3. Number of experts used to establish the ground truth for the test set and the qualifications of those experts:

• Not Applicable. This is an in vitro diagnostic control plasma used for quality control of lab assays, not an imaging/AI device requiring expert interpretation or ground truth establishment by medical specialists like radiologists. The "ground truth" for this product would be the established fibrinogen concentration values from the manufacturer's own assay methods and validation, which is common for control plasmas.

4. Adjudication method (e.g. 2+1, 3+1, none) for the test set:

• Not Applicable. As per point 3, this is an in vitro diagnostic control; expert adjudication methods for imaging or clinical cases are not relevant here.

5. If a multi reader multi case (MRMC) comparative effectiveness study was done, If so, what was the effect size of how much human readers improve with AI vs without AI assistance:

• Not Applicable. This is an in vitro diagnostic control and does not involve human readers or AI assistance in the context of diagnostic interpretation.

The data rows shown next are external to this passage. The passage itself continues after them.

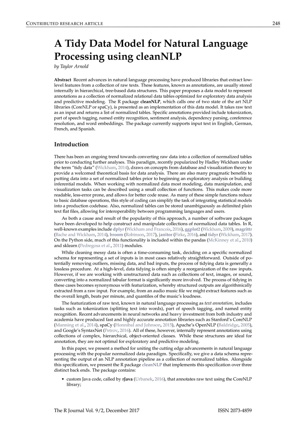 The package cleanNLP provides a set of fast tools for converting a textual corpus into a set of normalized tables. The underlying natural language processing pipeline utilizes Stanford's CoreNLP library, exposing a number of annotation tasks for text written in English, French, German, and Spanish. Annotators include tokenization, part of speech tagging, named entity recognition, entity linking, sentiment analysis, dependency parsing, coreference resolution, and information extraction.
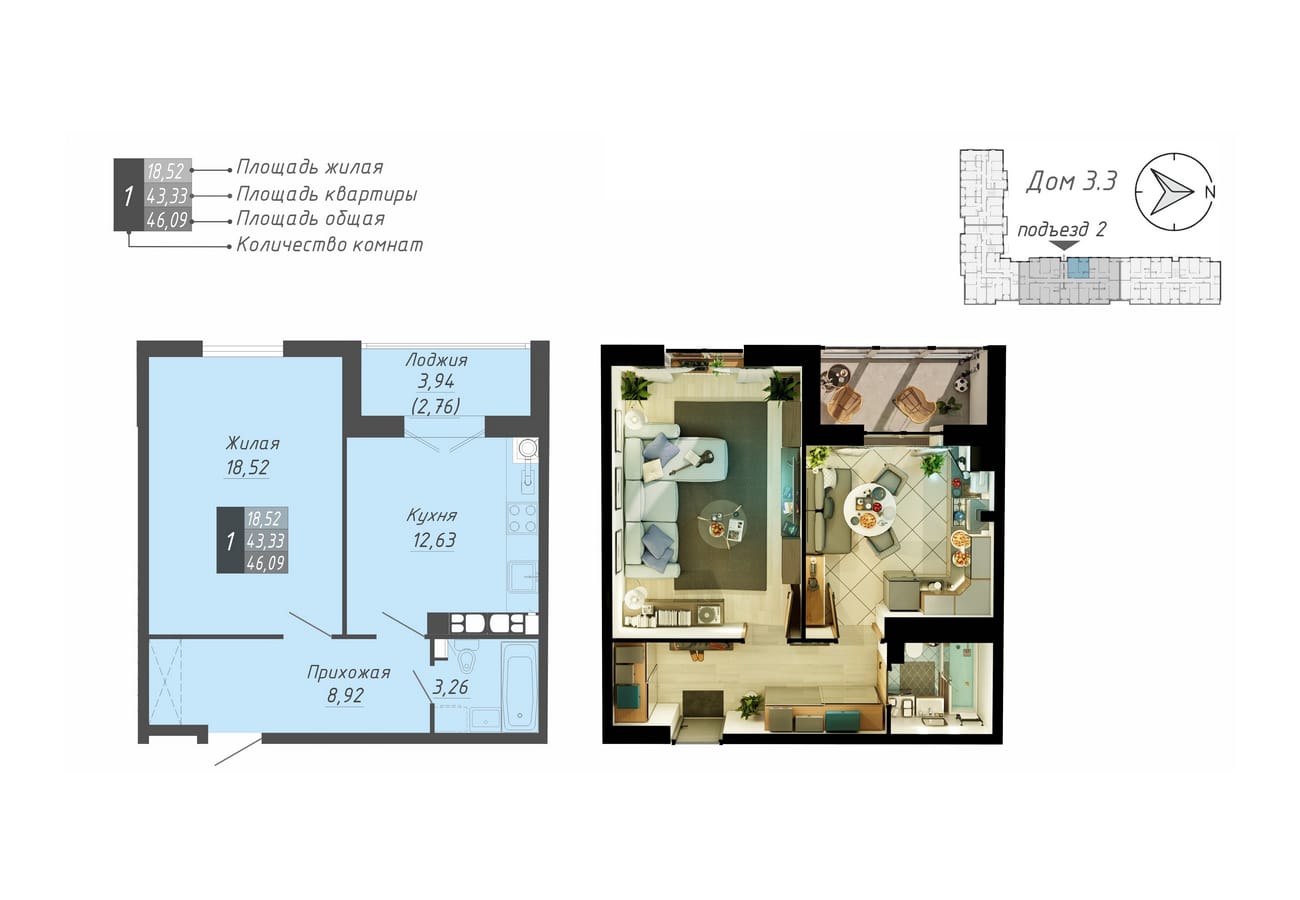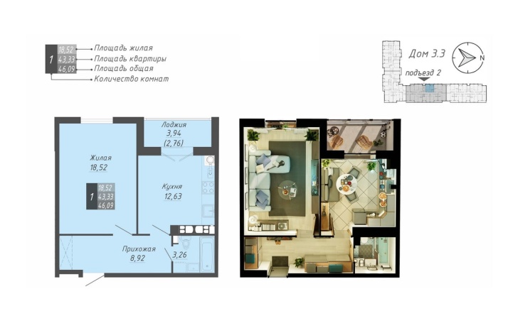 46.09 м2 площадь
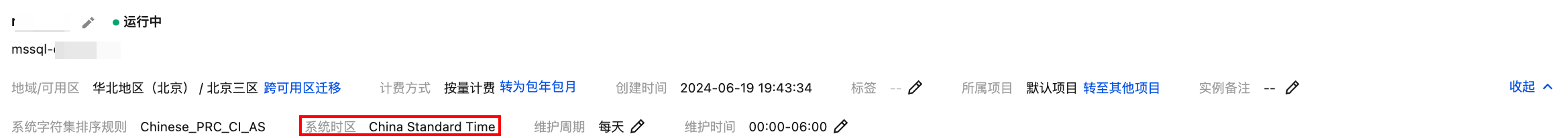 5. 您可以在实例详情页下,查询设置的系统时区。
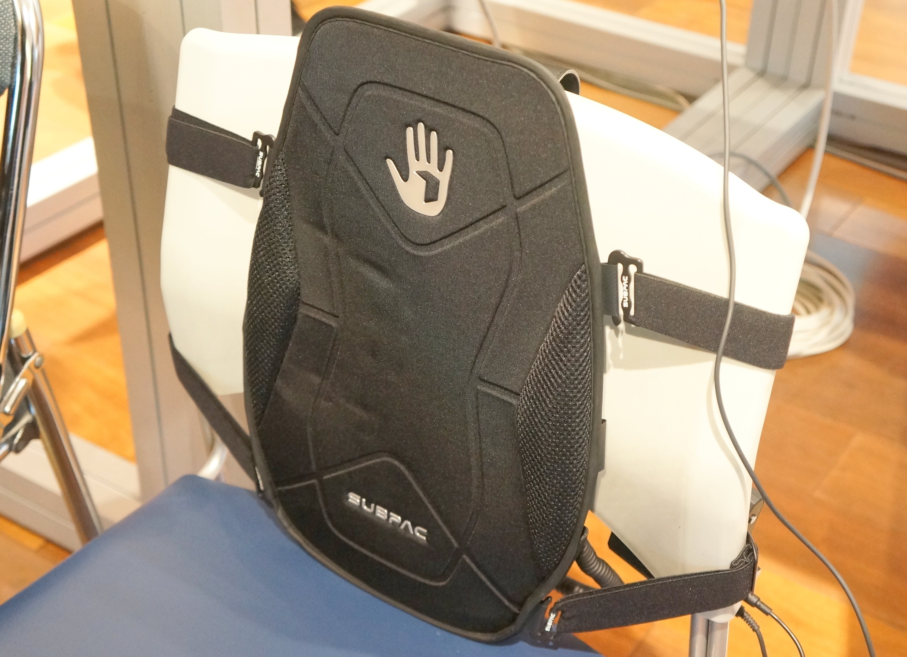 ▲「SUBPAC S2」をバックパックから取り出して、イスやシートに取り付けることもできる
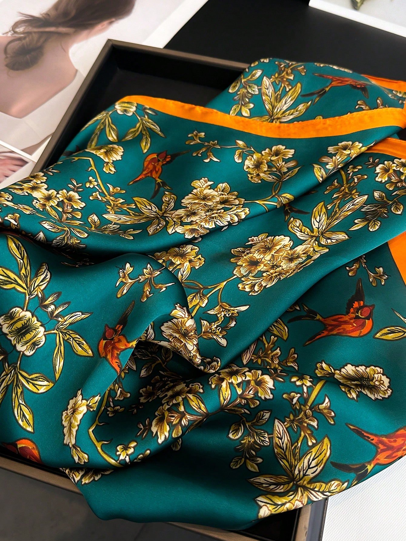 1 db-os luxus és divatos virágmintás utánzatú selyem szatén négyzet alakú sál fejpántos bandana, sokoldalú női hajpántos kendő turizmushoz, nyaraláshoz, szabadidőhöz és szabadidőhöz, fejkendő, mindennapi ingázáshoz, kis gallérral ruhához
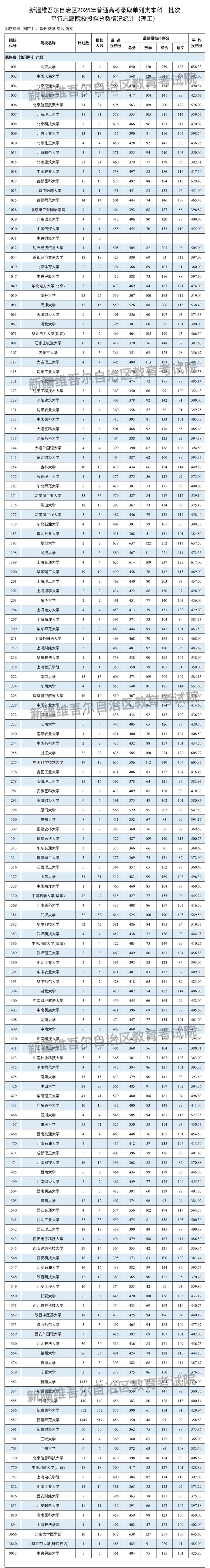 | 新疆維吾爾自治區2025年普通高校招生單列類本科一批次投檔情況 |
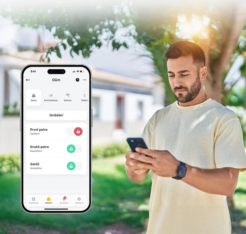 Možnosti zabezpečení rozšiřují kamery. Díky propojení s aplikací MyJABLOTRON máte svůj objekt plně pod kontrolou bez nutnosti neustále sledovat telefon.
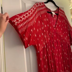 Knox Rose brand bought from Target. Love this dress, length is between midi and maxi. Light, quick drying material. Great as a swim coverup or on a summer night. The silhouette is super flattering and the print isn't too loud. Perfect, watercolor-like red.

6. If a standalone (i.e. algorithm only without human-in-the-loop performance) was done:

• Not Applicable. This is an in vitro diagnostic control, not an algorithm or an AI device.

7. The type of ground truth used (expert consensus, pathology, outcomes data, etc.):

• For a control plasma, the "ground truth" (or accepted value) is typically the assigned value from the manufacturer's reference method, established through meticulous testing and calibration. This is not derived from expert consensus, pathology, or outcomes data in the clinical sense, but rather from the analytical performance of laboratory instruments and reagents.

8. The sample size for the training set:

• Not Applicable. This is a physical biological control product, not a software algorithm that requires a training set.

9. How the ground truth for the training set was established:

• Not Applicable. As per point 8, there is no training set for this type of medical device.

In summary, the provided document is a 510(k) submission for an in vitro diagnostic control plasma. The "study" described is a comparison to a predicate device to demonstrate substantial equivalence, focusing on analytical performance characteristics like precision and stability. It does not contain the types of information (e.g., expert-based ground truth, MRMC studies, training/test sets for algorithms) that would be relevant for an AI or imaging-based medical device.